Rodent damage occurred to the sheath of low voltage (LV) cables in the transformer section of a wind turbine packaged substation.
The damage was not immediately remedied because it was collectively understood (including by Senior Authorised Persons who had inspected the damage) that the visible silver-coloured wires, where the sheath had been chewed away by mice, was the wire armour or stranded metallic screen of the cable.
However, it was subsequently identified by an experienced electrical contractor that the visible wires were the exposed conductor and not wire armour.
Where the LV cables were damaged is located in a secure compartment in the packaged substation where access is restricted to authorized persons only. The identification of the hazard happened while other work was being carried out during a grid outage across the whole wind farm – i.e. during a period of electrical isolation. Nobody was harmed as a result of the incident.
WHY IT HAPPENED?
The root cause of the issue was damage caused by mice to the LV cable sheath.

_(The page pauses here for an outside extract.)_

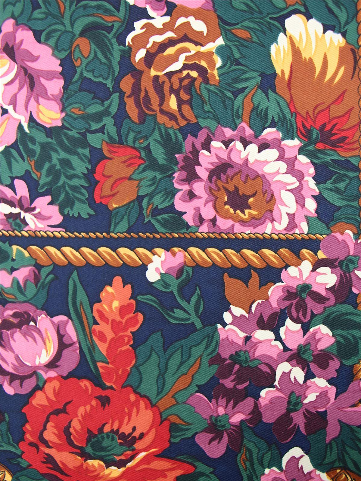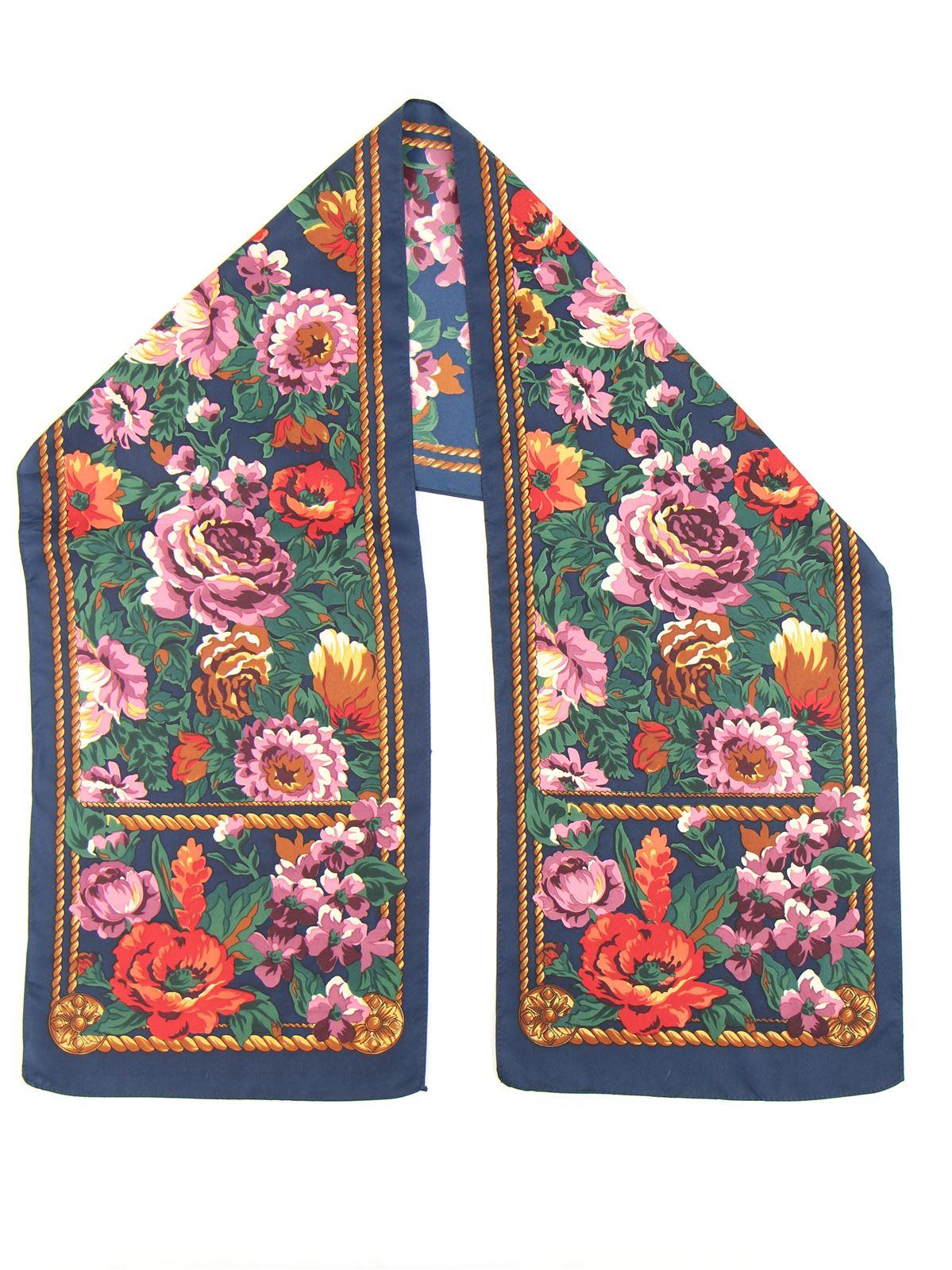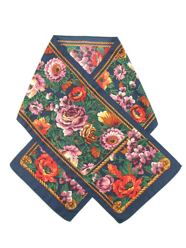 Oblong dark blue vintage scarf with a floral and rope edged pattern.

However, the damage and exposed live conductor was allowed to persist due to a mis-understanding as regards the type of cable.
Lessons learned / Findings
After research into the cable specification no evidence was found in the cable specification documents to suggest a wire armour or screen and a close inspection of the actual cable by experienced cable jointers confirmed there to be none.
An assumed (false) understanding of the nature of the LV cables was allowed to persist and a lesson learned is that (a) thorough investigation should take place into the specification of cables that are damaged and/or (b) appropriate repairs should be undertaken without delay in any circumstance where a cable sheath is damaged.
As well as introducing anti-rodent measures into the packaged substation, it must be borne in mind that rodents may cause damage to cables and/or other electrical components, so that the insulation could be compromised and an electric shock hazard may exist. Appropriate care must be taken and appropriate isolation(s) applied, before handling any cable and/or component of the electrical system.
General Discussion Point
The electrical contractor who had identified the hazard proposed that a heat-shrink over sheath could be applied to repair the damaged cable sheaths and this was carried out by experienced cable jointers to effect a satisfactory repair. This effectively eliminated the hazard of the exposed conductor.
Note that the area where the LV cables were damaged is located in a secure compartment in the packaged substation where access is restricted to authorized persons only. Nevertheless, as well as an ongoing operational restriction to alert any party carrying out work, warning signs have been placed in all such areas.
In addition, all parties who have had a role in respect of Operational Management, Site Management and/or SAP services at this site who would have been aware of the situation as described herein have been provided with an incident report so that they will have been able to raise awareness within their respective organisations.